My opinion as a dealer:

- Hit frequency is about once every eleven hands. I wish that was a little higher, but it's not terrible.

- Payouts are decent. I like that the payouts aren't nice round numbers like they tend to be. Payouts like 45 and 130 give the players a little extra money to tip with. Easier to get a tip from $450 than from $400.

- House edge is high, but I guess it has to be high to combat possible countability.
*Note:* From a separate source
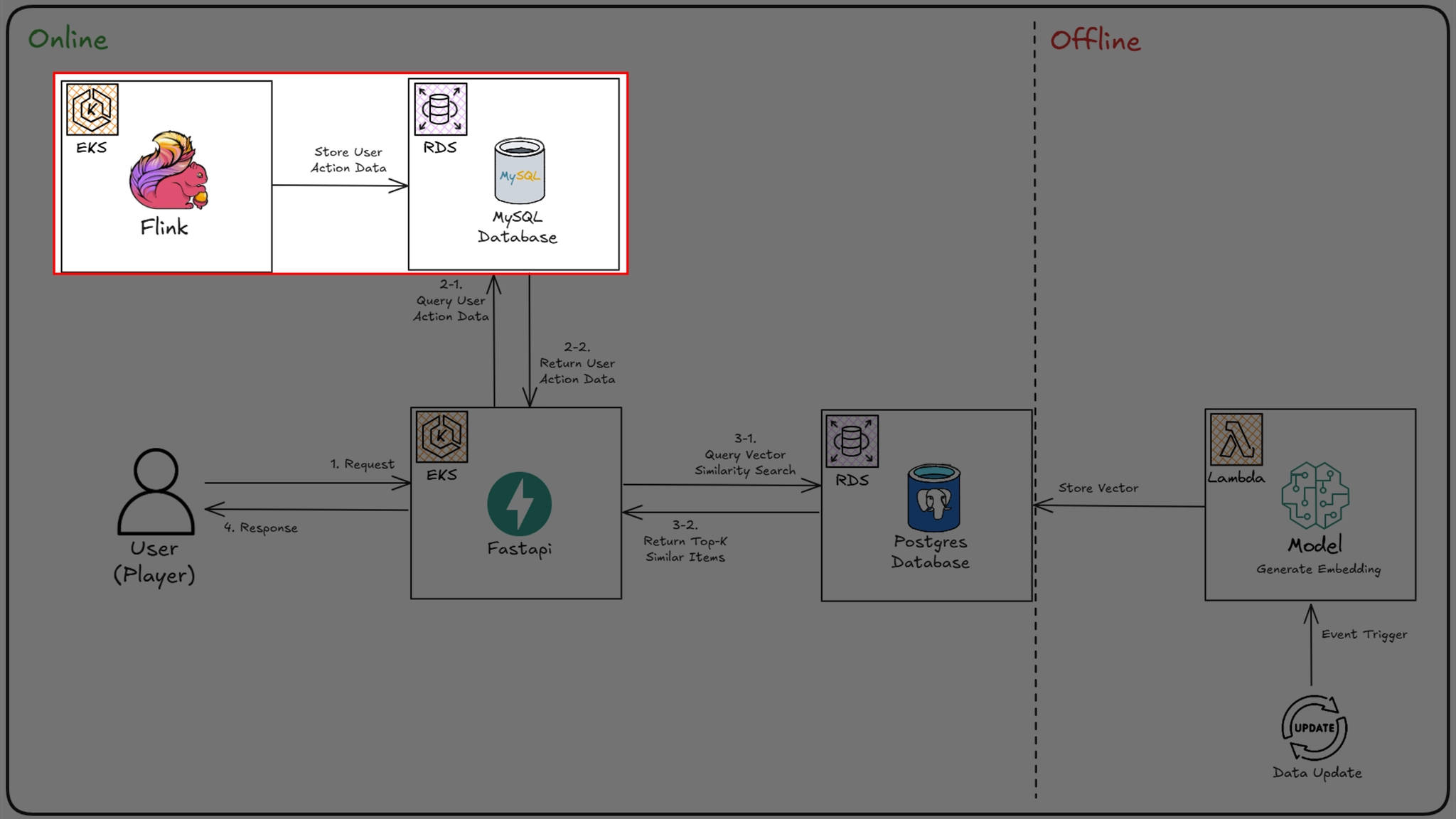 실시간으로 수집되는 유저의 액션 데이터(클릭, 검색, 구매, 장착 등)를 기반으로, 유저의 최신 선호와 맥락에 맞는 아이템을 동적으로 추천합니다. 정적인 추천이 아닌, 유저의 현재 상태에 최적화된 개인화 경험을 제공함으로써 추천의 품질과 몰입감을 동시에 높입니다.

At least it's not Lucky Ladies high.

Overall, I'd enjoy dealing it, but I probably wouldn't play it due to its high house edge.

Quote: DogHand

ThatDonGuy,

I am confused by your closing paragraph, which seems to imply that +EV counts will occur more frequently with 50% pen than with 75% pen.

Can you clarify?

Dog Hand
link to original post

You understand it correctly - a +EV count will be 50% more likely at the 50% penetration point than at the 75% penetration point.

Keep in mind that my numbers are not "50% or more penetration" versus "75% or more penetration"; it's at those two specific points (i.e. 52 cards dealt versus 78).

This is one of the reasons the actual EVs are higher with 75% penetration than with 50%.

Quote: Wizard

I hear the Orleans has a new blackjack side bet called the Mardis Gras. It is seen on their double-deck game only. The following table shows the pay table and my analysis. I haven't had it confirmed. Anyone agree or disagree with my math?

Event	Pays	Combinations	Probability	Return
A/K diamonds	130	4	0.000747	0.097087
Suited aces	45	4	0.000747	0.033607
Unsuited aces	25	24	0.004481	0.112024
Suited blackjack	15	60	0.011202	0.168036
Unsuited blackjack	5	192	0.035848	0.179238
Straight flush	5	192	0.035848	0.179238
All other	-1	4880	0.911128	-0.911128
Total		5356	1.000000	-0.141897

Note: Edited 5:00 PM, 9/24/24

The question for the poll is would you make this side bet if playing anyway? Multiple votes allowed.
link to original post

Close! (just kidding!) I decided to monkey it up, and according to the CApuchin combinatorial analysis engine it is: -0.1418969401856884

Remove an Ace of Diamonds and it is -0.2613744578702608

Remove any other ace: -0.2175899529102026

Remove King of Diamonds: -0.1840852882451145

And I shall go no further, as something counterintuitive is revealed with further examination.